EXERCISE DATA:
::::
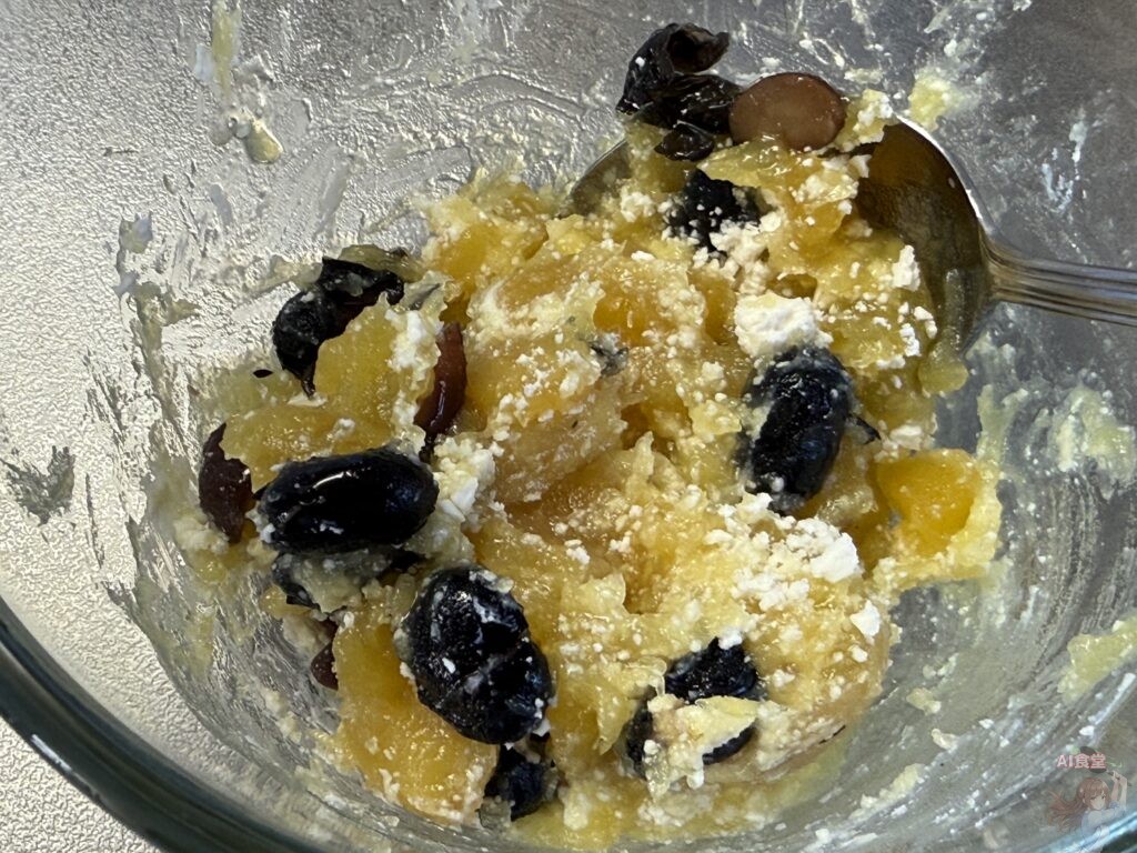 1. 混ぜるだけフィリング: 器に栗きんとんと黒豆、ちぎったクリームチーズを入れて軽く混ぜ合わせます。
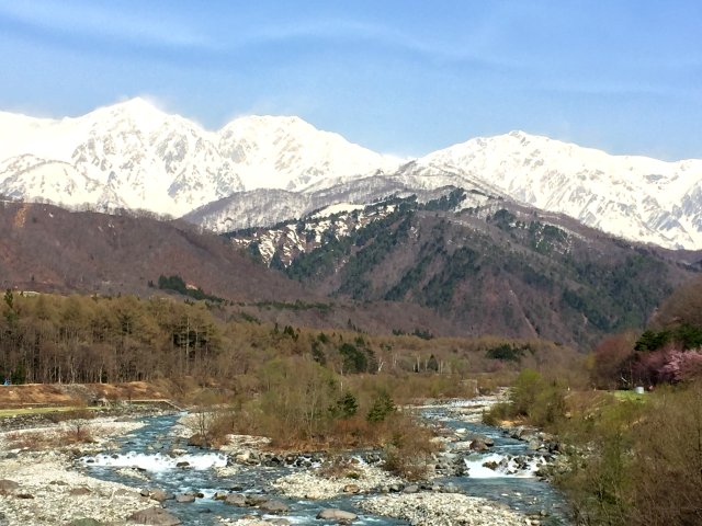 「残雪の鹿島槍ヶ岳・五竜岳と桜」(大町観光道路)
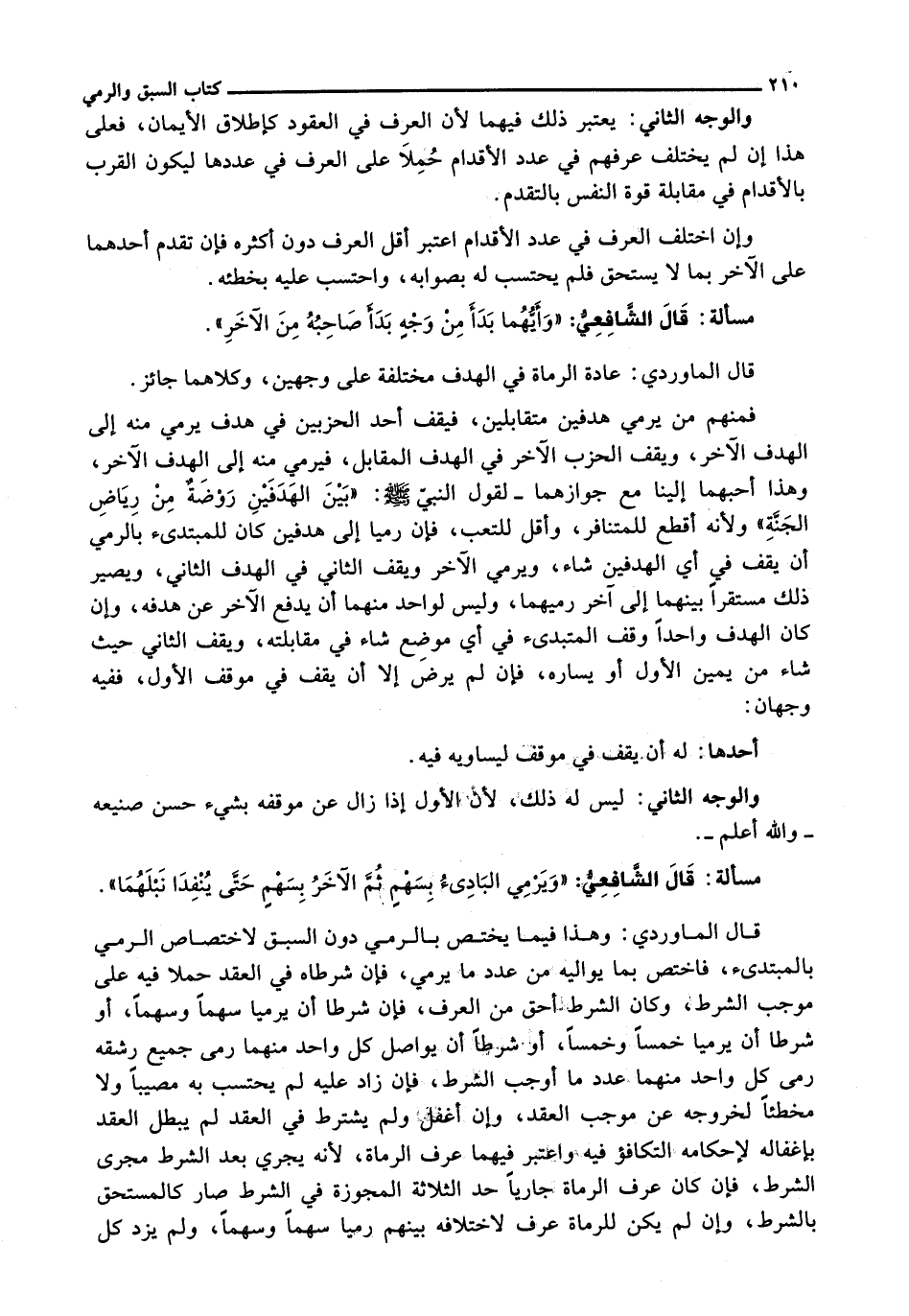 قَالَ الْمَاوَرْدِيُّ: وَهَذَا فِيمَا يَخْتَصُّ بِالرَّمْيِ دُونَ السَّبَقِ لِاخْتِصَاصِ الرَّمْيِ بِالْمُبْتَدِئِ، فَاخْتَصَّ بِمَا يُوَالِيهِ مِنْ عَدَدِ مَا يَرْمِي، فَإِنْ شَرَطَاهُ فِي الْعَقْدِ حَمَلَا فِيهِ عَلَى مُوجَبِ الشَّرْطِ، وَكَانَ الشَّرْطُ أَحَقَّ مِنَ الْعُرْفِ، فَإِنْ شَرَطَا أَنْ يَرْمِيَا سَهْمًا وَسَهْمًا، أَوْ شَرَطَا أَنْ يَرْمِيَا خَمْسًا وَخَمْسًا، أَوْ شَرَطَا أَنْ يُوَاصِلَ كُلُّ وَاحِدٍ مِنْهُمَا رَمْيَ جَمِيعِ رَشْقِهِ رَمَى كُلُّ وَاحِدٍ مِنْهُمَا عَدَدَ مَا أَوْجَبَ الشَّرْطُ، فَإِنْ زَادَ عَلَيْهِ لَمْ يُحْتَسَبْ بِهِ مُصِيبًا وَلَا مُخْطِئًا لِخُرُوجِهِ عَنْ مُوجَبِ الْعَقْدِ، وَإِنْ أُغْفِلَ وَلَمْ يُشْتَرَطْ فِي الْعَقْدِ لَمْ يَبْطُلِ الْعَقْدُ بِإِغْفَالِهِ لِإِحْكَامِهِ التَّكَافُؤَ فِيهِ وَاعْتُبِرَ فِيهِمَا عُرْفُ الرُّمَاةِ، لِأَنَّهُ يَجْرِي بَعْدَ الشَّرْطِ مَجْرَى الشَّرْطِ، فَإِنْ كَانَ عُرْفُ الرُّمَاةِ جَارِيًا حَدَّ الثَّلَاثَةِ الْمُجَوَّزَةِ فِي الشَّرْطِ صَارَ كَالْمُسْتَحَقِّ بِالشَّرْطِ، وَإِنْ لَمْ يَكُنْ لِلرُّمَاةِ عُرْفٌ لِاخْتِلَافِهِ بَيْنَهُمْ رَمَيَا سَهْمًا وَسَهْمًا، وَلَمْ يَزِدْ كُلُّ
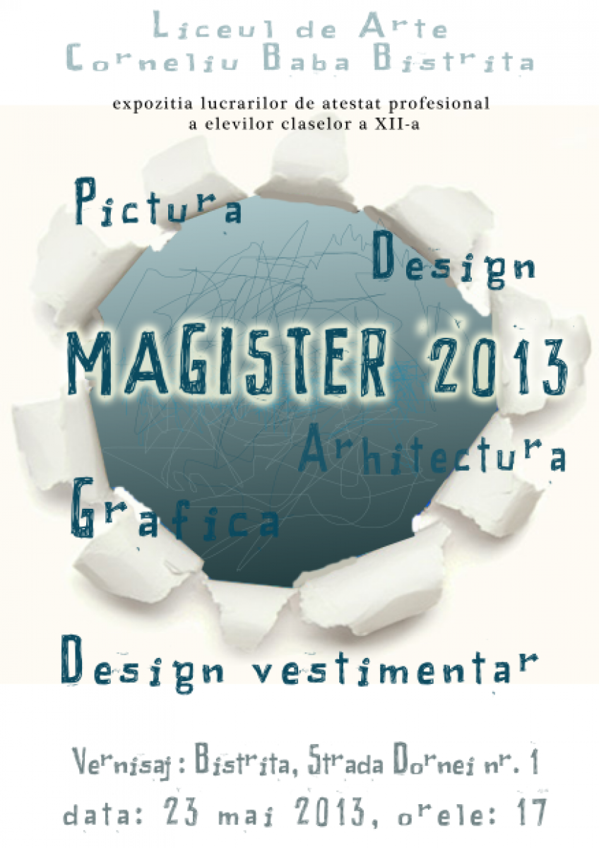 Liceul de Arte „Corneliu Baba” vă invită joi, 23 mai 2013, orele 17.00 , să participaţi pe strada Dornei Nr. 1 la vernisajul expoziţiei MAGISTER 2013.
::::
TRY IT:
The data above must be copied exactly. Leave out the pictures.

SOLUTION TO THE PROBLEM:
 1. 混ぜるだけフィリング: 器に栗きんとんと黒豆、ちぎったクリームチーズを入れて軽く混ぜ合わせます。
 「残雪の鹿島槍ヶ岳・五竜岳と桜」(大町観光道路)
 قَالَ الْمَاوَرْدِيُّ: وَهَذَا فِيمَا يَخْتَصُّ بِالرَّمْيِ دُونَ السَّبَقِ لِاخْتِصَاصِ الرَّمْيِ بِالْمُبْتَدِئِ، فَاخْتَصَّ بِمَا يُوَالِيهِ مِنْ عَدَدِ مَا يَرْمِي، فَإِنْ شَرَطَاهُ فِي الْعَقْدِ حَمَلَا فِيهِ عَلَى مُوجَبِ الشَّرْطِ، وَكَانَ الشَّرْطُ أَحَقَّ مِنَ الْعُرْفِ، فَإِنْ شَرَطَا أَنْ يَرْمِيَا سَهْمًا وَسَهْمًا، أَوْ شَرَطَا أَنْ يَرْمِيَا خَمْسًا وَخَمْسًا، أَوْ شَرَطَا أَنْ يُوَاصِلَ كُلُّ وَاحِدٍ مِنْهُمَا رَمْيَ جَمِيعِ رَشْقِهِ رَمَى كُلُّ وَاحِدٍ مِنْهُمَا عَدَدَ مَا أَوْجَبَ الشَّرْطُ، فَإِنْ زَادَ عَلَيْهِ لَمْ يُحْتَسَبْ بِهِ مُصِيبًا وَلَا مُخْطِئًا لِخُرُوجِهِ عَنْ مُوجَبِ الْعَقْدِ، وَإِنْ أُغْفِلَ وَلَمْ يُشْتَرَطْ فِي الْعَقْدِ لَمْ يَبْطُلِ الْعَقْدُ بِإِغْفَالِهِ لِإِحْكَامِهِ التَّكَافُؤَ فِيهِ وَاعْتُبِرَ فِيهِمَا عُرْفُ الرُّمَاةِ، لِأَنَّهُ يَجْرِي بَعْدَ الشَّرْطِ مَجْرَى الشَّرْطِ، فَإِنْ كَانَ عُرْفُ الرُّمَاةِ جَارِيًا حَدَّ الثَّلَاثَةِ الْمُجَوَّزَةِ فِي الشَّرْطِ صَارَ كَالْمُسْتَحَقِّ بِالشَّرْطِ، وَإِنْ لَمْ يَكُنْ لِلرُّمَاةِ عُرْفٌ لِاخْتِلَافِهِ بَيْنَهُمْ رَمَيَا سَهْمًا وَسَهْمًا، وَلَمْ يَزِدْ كُلُّ
 Liceul de Arte „Corneliu Baba” vă invită joi, 23 mai 2013, orele 17.00 , să participaţi pe strada Dornei Nr. 1 la vernisajul expoziţiei MAGISTER 2013.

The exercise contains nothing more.